Lexikon | aus FALTER 39/10 vom 29.09.2010

Ein Empfehlungsschreiben einer Wiener Topgalerie gefällig? Die Künstlerin Minerva Cuevas macht es bei Martin Janda möglich, dass Ausstellungsbesucher ohne jeglichen Einsatz ihr hohes Arbeitsethos bestätigt bekommen. In der Gruppenschau "De frente al sol" setzt die Mexikanerin ihr Projekt "Mejor Vida Corp. (Besseres Leben Corp.)" fort, bei dem sie schon U-Bahn-Tickets, Studentenausweise. Diese Interventionen dürften auch die in Lateinamerika so ausgeprägte Einstellung "Man muss sich nur zu helfen wissen" persiflieren, die das Misstrauen gegenüber offiziellen Autoritäten ausdrückt.
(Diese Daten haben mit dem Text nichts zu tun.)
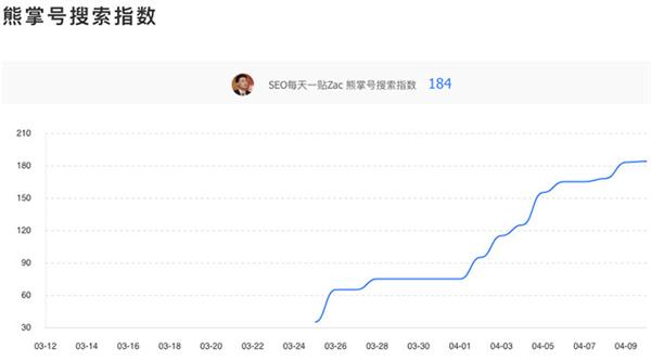 我從 3 月底開(kāi)始完成任務,在 4 月 9 号之前,分幾次,按類别提交了所有(yǒu)值得(de)提交的頁面。這期間(jiān)熊掌号搜索指數(shù)變化曲線如下圖: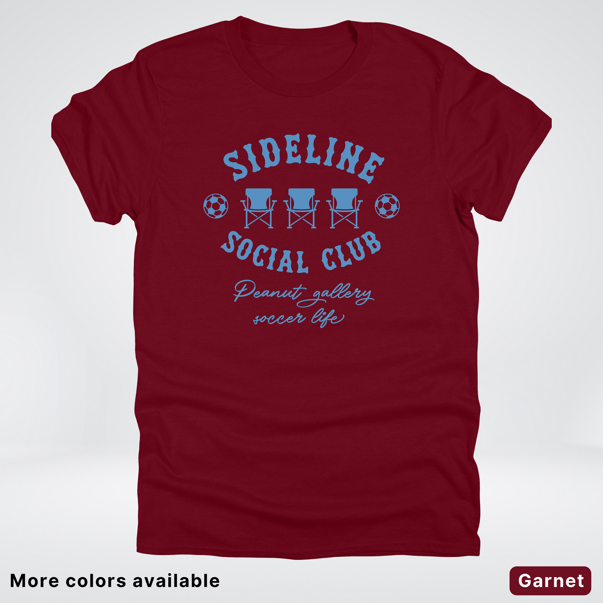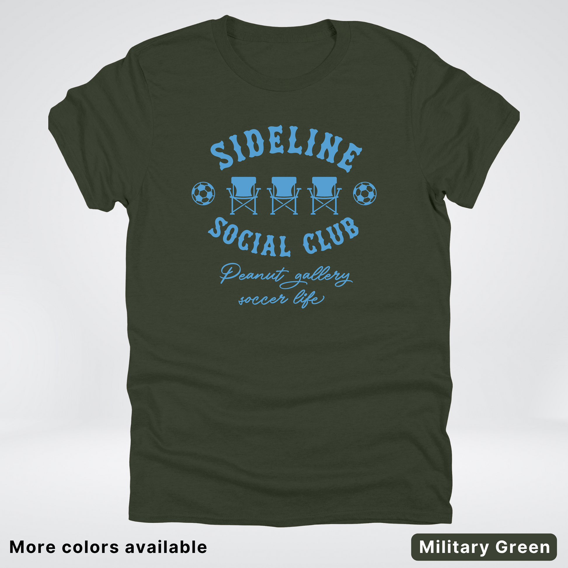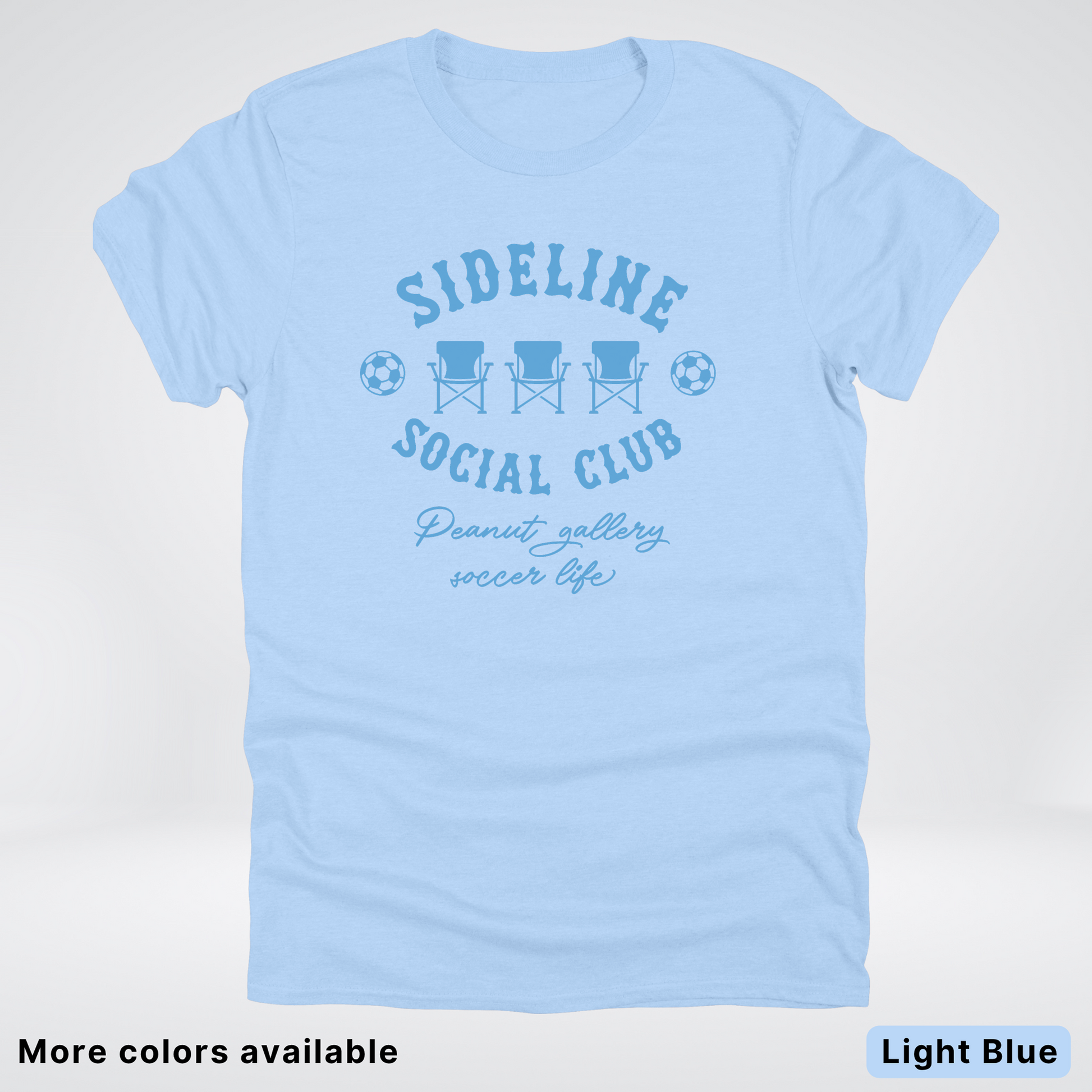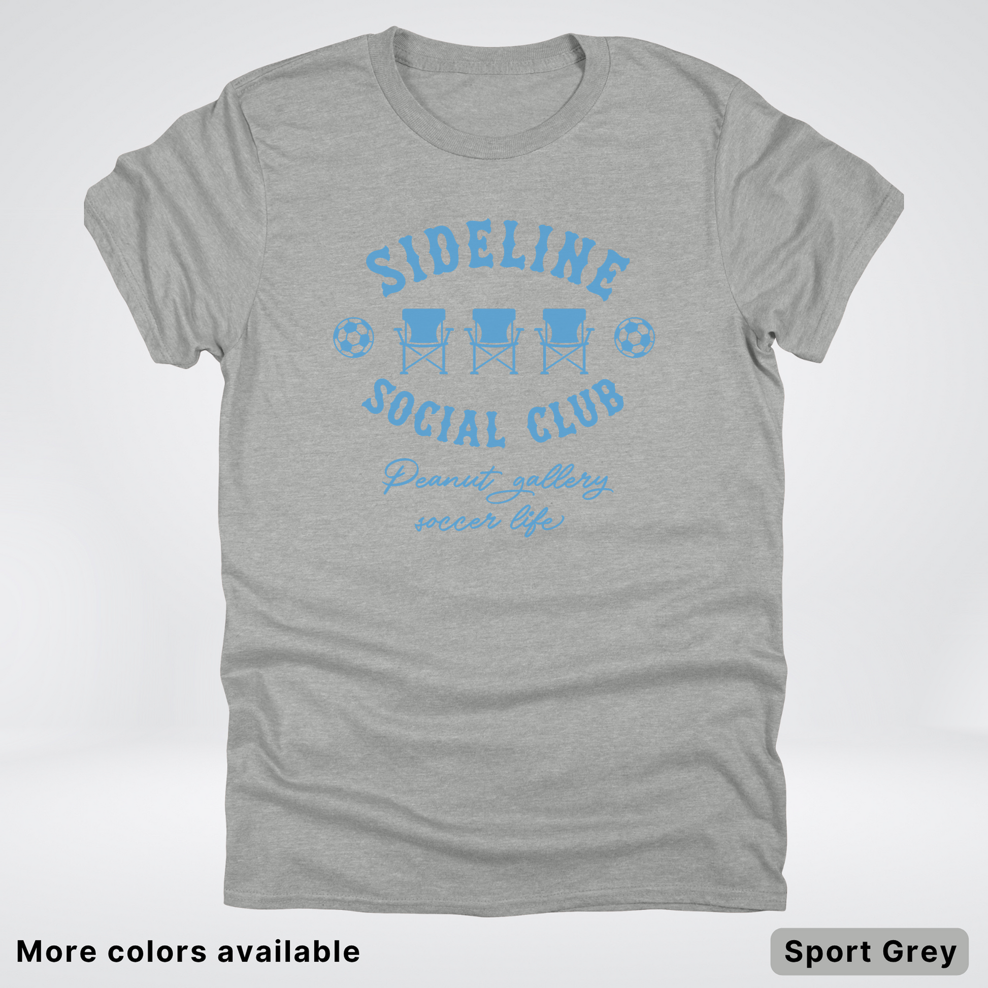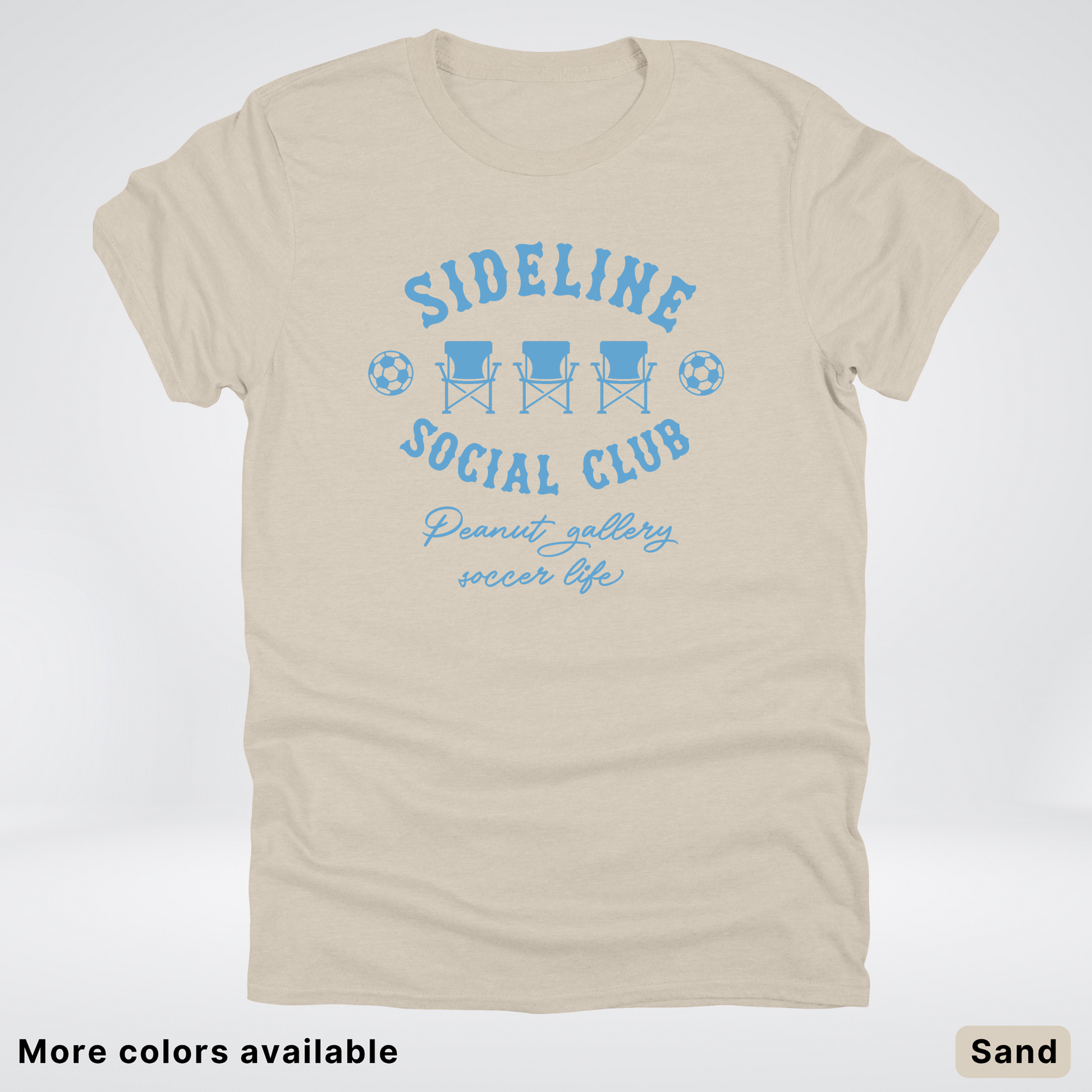 Sideline Social Club Peanut Gallery Soccer Life – Light Blue Design - T-Shirt

Politische Anspielungen und Ansprüche ziehen sich durch die absolut sehenswerte Ausstellung, die der mexikanische Kurator Patrick Charpenel konzipiert hat. Der Titel der Schau stammt von einer Telenovela, dem in Südamerika so ungeheuer populären Format, das (Kolonial-)Geschichte und soziale Gegenwart in Schnulzen ummünzt. Ein Thema der gezeigten Arbeiten stellt die Urbanisierung dar: Das brasilianische Duo Detanico & Lain hat Piktogramme entwickelt, die die architektonische Formensprache von Oscar Niemeyer mit informellen Stadtelementen wie Zäunen und Strommasten konfrontiert; Jorge Méndez Blake lässt in seinen Zeichnungen berühmte Bauten aus Wien und Mexico City von Felsen überwachsen. Ein hintersinniges Spiel mit Symbolen treiben etwa Javier Téllez, der Skimasken à la Subcommandante Marcos über Wohnzimmerlampen stülpt, oder Wilfredo Prieto, der im Keller eine Pfütze aus Weihwasser angelegt hat. Tief in die korrupte politische Geschichte Kolumbiens dringt das Video von François Bucher vor, der den Ex-Präsidenten Ernesto Samper interviewt und dessen verlogene Abhängigkeit von den Drogenkartellen quasi reinszeniert. NS

Galerie Martin Janda, bis 30.10.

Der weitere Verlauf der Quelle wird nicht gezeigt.